As mentioned in About canonical_id, canonical_id is not guaranteed to be immutable. In some cases, a different canonical_id may be assigned to a user who was previously identified as the same person.
To address this issue, a different mechanism has been introduced to maintain an persistency, robust value similar to canonical_id. This is called persistent_id. This page introduces the characteristics of persistent_id and explains how to configure it.

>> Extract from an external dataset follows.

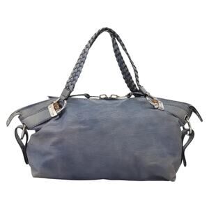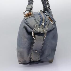 GUCCI Bamboo Tote Bag Leather Blue Silver
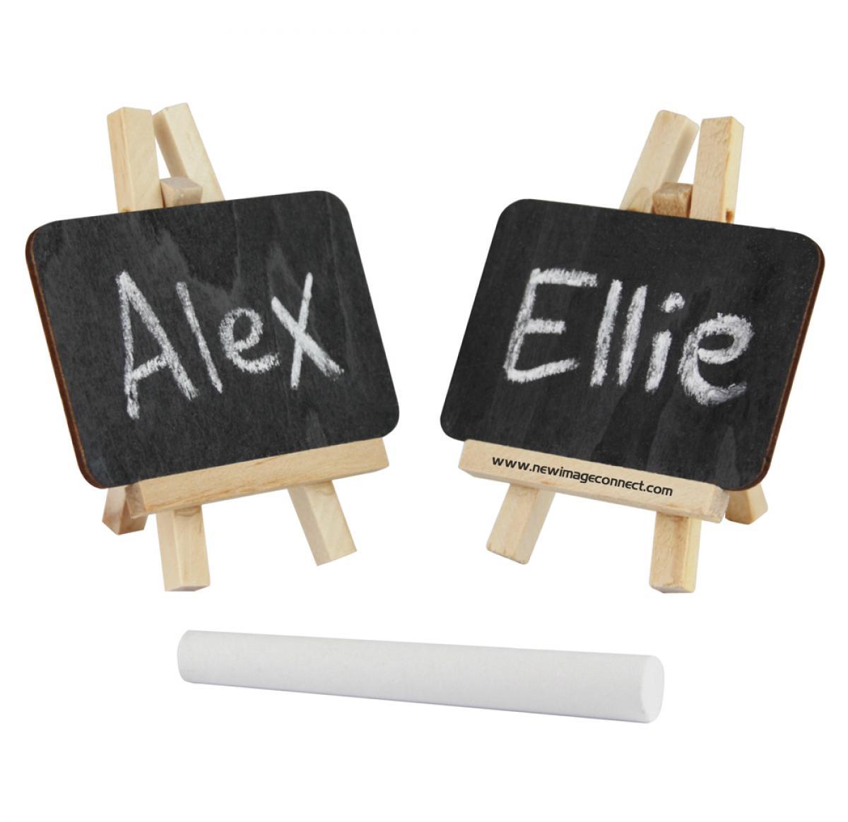 Set of two Mini wooden easel with a chalkboard for place names or parties. Supplied with a piece of white chalk.

If persistent_id is used instead of canonical_id, users do not need to set merge_by_keys: to obtain an robust ID.
persistent_id is not supported by do_not_merge_key.
The mechanism for generating values for canonical_id and persistent_id is illustrated using the following examples:
| Day | td_client_id | td_global_id |
|---|---|---|
| 2024-03-01 | aaa_002 | 3rd_001 |
| 2024-03-02 | aaa_001 | 3rd_001 |
Both canonical_id and persistent_id can be configured as follows:
canonical_ids:
- name: cid
merge_by_keys: [td_client_id, td_global_id]
persistent_ids:
- name: pid
merge_by_keys: [td_client_id, td_global_id]Under this configuration, the smallest value in td_client_id (in this case, aaa_001) is selected as the leader, and the canonical_id is generated based on this value.

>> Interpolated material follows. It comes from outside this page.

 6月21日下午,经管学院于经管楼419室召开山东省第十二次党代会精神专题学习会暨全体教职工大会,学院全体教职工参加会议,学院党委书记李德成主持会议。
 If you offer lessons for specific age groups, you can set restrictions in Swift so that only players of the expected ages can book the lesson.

For persistent_id, the smallest value in td_client_id in terms of time is chosen as the leader. In this example, aaa_002 is the leader, and the persistent_id is generated based on this value.
To understand how persistent_id is generated, let’s examine the transition of the leader as new data is added each day.
| Day | td_client_id | td_global_id |
|---|---|---|
| 2024-03-01 | aaa_002 | 3rd_001 |
The leaders for each ID on Day 1 are as follows:
| Day | Leader (canonical_id) | Leader (persistent_id) |
|---|---|---|
| 2024-03-01 | aaa_002 | aaa_002 |
| Day | td_client_id | td_global_id |
|---|---|---|
| 2024-03-01 | aaa_002 | 3rd_001 |
| 2024-03-02 | aaa_001 | 3rd_001 |
On Day 2, the leaders are as follows:
| Day | Leader (canonical_id) | Leader (persistent_id) |
|---|---|---|
| 2024-03-01 | aaa_002 | aaa_002 |
| 2024-03-02 | aaa_001 | aaa_002 |
The leader for canonical_id changes from the previous day, resulting in a new canonical_id value. However, the leader for persistent_id remains unchanged, so the same persistent_id value is retained.
This mechanism ensures that persistent_id remains persistent by always selecting the smallest value based on time, ensuring the leader does not change regardless of new key values.
When two individuals are linked, persistent_id ensures that the value of the earlier key remains as the leader. Consider the following example:
| Day | site_aaa | site_aaa | site_bbb | site_bbb |
|---|---|---|---|---|
td_client_id | td_global_id | td_client_id | td_global_id | |
| 2024-03-01 | bbb_001 | 3rd_001 | ||
| 2024-03-02 | aaa_001 | 3rd_002 | ||
| 2024-03-03 | aaa_001 | 3rd_001 |
| Day | Leader (canonical_id) | Leader (persistent_id) |
|---|---|---|
| 2024-03-02 | bbb_001 | bbb_001 |
| Day | Leader (canonical_id) | Leader (persistent_id) |
|---|---|---|
| 2024-03-02 | aaa_001 | aaa_001 |
When Person 1 and Person 2 are linked on Day 3:
| Day | Leader (canonical_id) | Leader (persistent_id) |
|---|---|---|
| 2024-03-03 | aaa_001 | bbb_001 |
In this case, canonical_id merges into the leader of Person 1, while persistent_id merges into the leader of Person 2.
There are two scenarios where persistent_id can change:
- When past records are added or deleted: Changes to past records may affect the leader selection.
- When
timeis deprioritized inmerge_by_keys:: The key priority can be explicitly set to overridetime.
For instance:
persistent_ids:
- name: pid
merge_by_keys: [td_client_id, time, td_global_id]This configuration prioritizes td_client_id over time, potentially leading to changes in the persistent_id value when higher-priority keys are introduced later.